As the output, give exactly the lines that run from the one with "我们提倡的是积极进取的人间佛" through the end of the records below, and omit pictures.

======== INPUT DATA

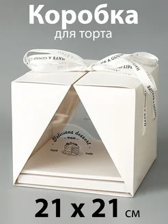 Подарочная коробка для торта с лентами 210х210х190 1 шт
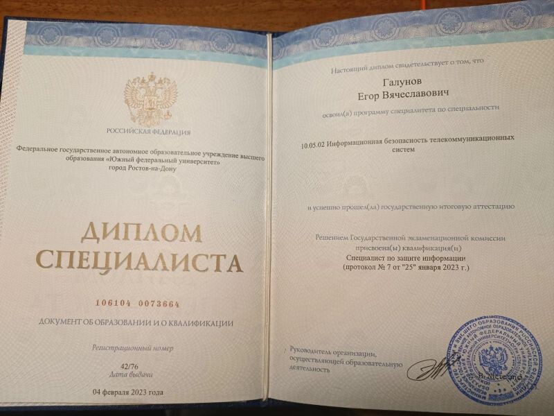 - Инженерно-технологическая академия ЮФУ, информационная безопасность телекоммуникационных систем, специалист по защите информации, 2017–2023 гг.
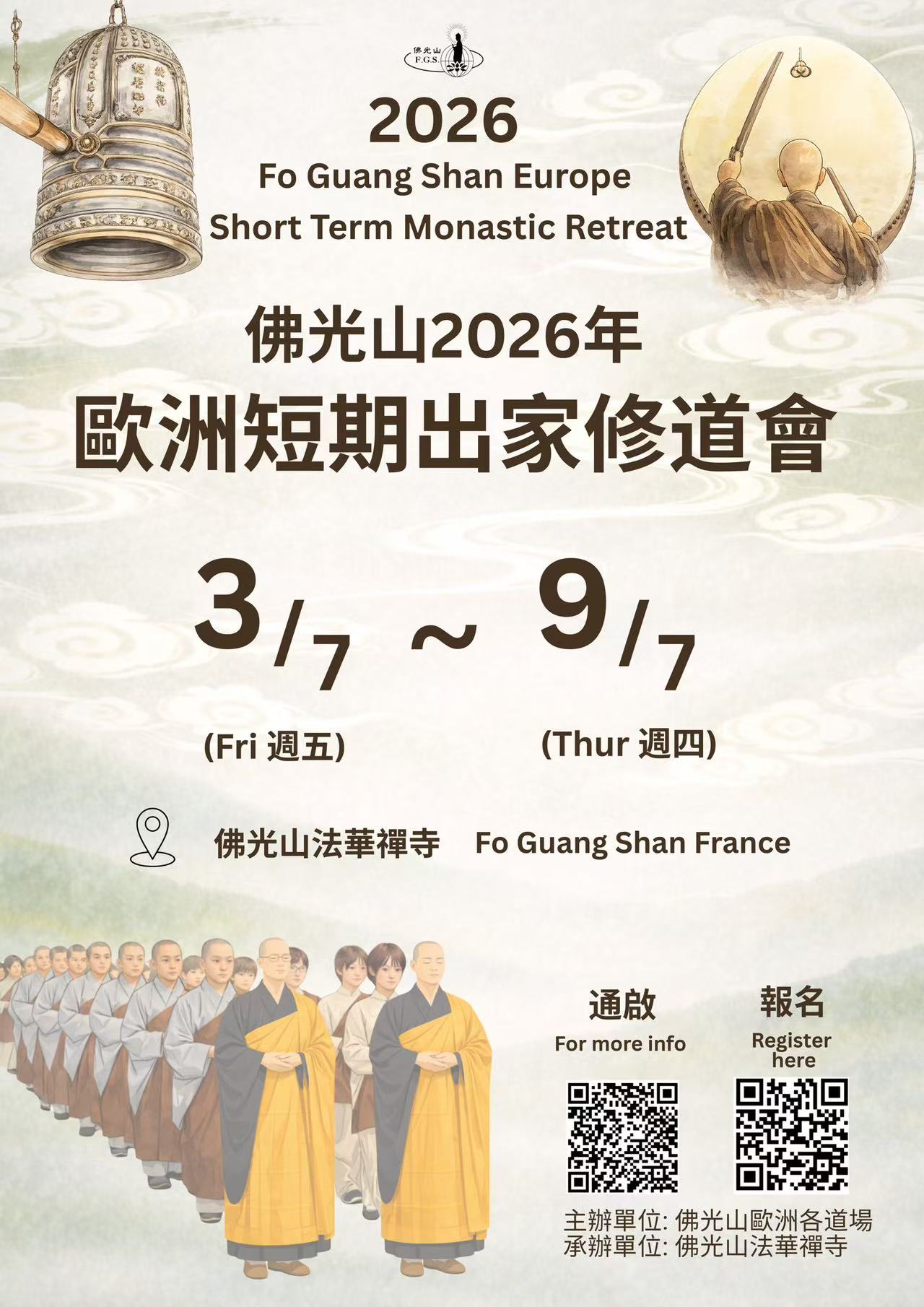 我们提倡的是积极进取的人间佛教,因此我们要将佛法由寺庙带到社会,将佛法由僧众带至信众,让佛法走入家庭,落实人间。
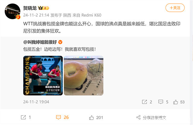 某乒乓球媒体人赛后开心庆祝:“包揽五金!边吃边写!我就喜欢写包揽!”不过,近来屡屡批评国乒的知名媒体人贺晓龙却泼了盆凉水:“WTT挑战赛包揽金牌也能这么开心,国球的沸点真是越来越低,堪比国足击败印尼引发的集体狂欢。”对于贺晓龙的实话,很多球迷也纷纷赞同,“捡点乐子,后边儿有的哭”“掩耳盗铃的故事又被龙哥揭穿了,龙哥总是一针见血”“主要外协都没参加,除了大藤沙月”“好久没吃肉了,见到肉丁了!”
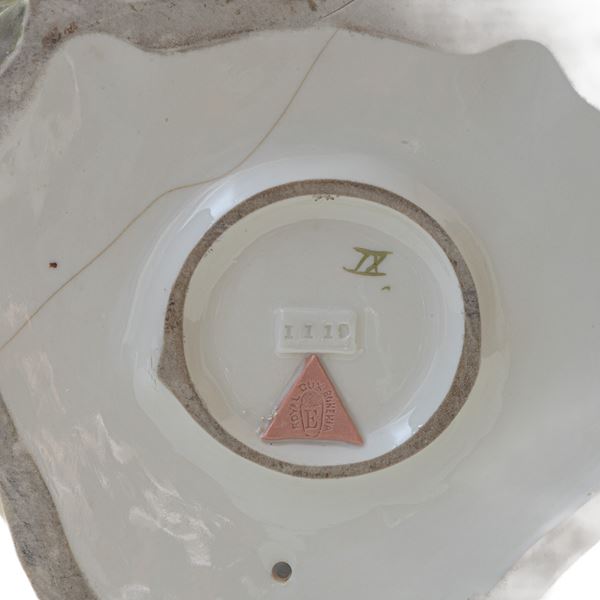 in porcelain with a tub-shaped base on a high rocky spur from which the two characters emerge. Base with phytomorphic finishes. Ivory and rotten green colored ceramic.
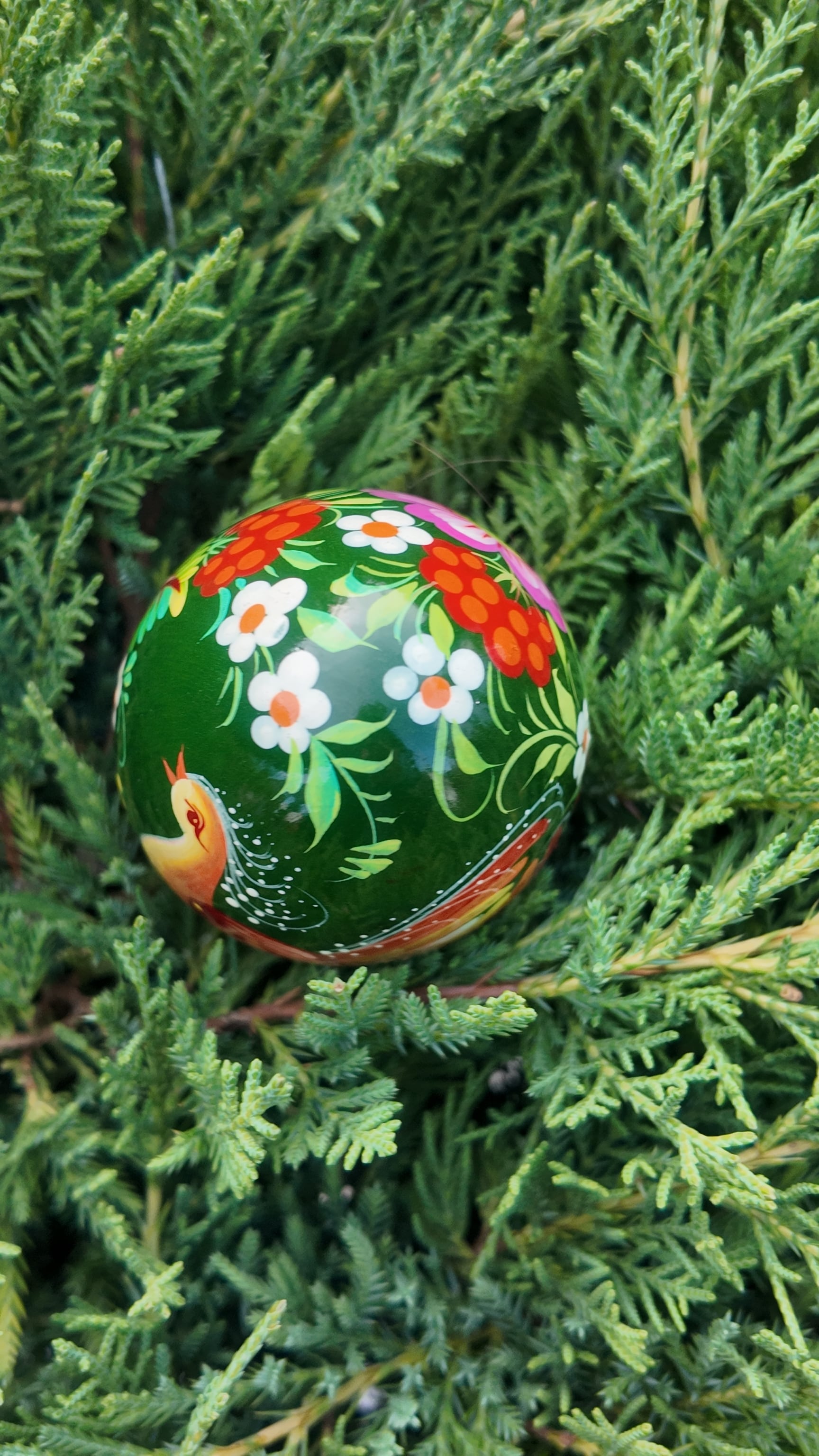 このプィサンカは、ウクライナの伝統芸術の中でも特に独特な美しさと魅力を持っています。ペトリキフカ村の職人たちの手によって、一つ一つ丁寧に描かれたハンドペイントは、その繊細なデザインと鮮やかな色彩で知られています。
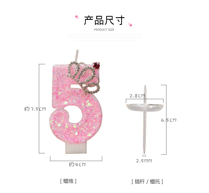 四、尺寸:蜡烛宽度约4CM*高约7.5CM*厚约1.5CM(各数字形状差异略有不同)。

================

• SOLUTION:
 我们提倡的是积极进取的人间佛教,因此我们要将佛法由寺庙带到社会,将佛法由僧众带至信众,让佛法走入家庭,落实人间。
 某乒乓球媒体人赛后开心庆祝:“包揽五金!边吃边写!我就喜欢写包揽!”不过,近来屡屡批评国乒的知名媒体人贺晓龙却泼了盆凉水:“WTT挑战赛包揽金牌也能这么开心,国球的沸点真是越来越低,堪比国足击败印尼引发的集体狂欢。”对于贺晓龙的实话,很多球迷也纷纷赞同,“捡点乐子,后边儿有的哭”“掩耳盗铃的故事又被龙哥揭穿了,龙哥总是一针见血”“主要外协都没参加,除了大藤沙月”“好久没吃肉了,见到肉丁了!”
 in porcelain with a tub-shaped base on a high rocky spur from which the two characters emerge. Base with phytomorphic finishes. Ivory and rotten green colored ceramic.
 このプィサンカは、ウクライナの伝統芸術の中でも特に独特な美しさと魅力を持っています。ペトリキフカ村の職人たちの手によって、一つ一つ丁寧に描かれたハンドペイントは、その繊細なデザインと鮮やかな色彩で知られています。
 四、尺寸:蜡烛宽度约4CM*高约7.5CM*厚约1.5CM(各数字形状差异略有不同)。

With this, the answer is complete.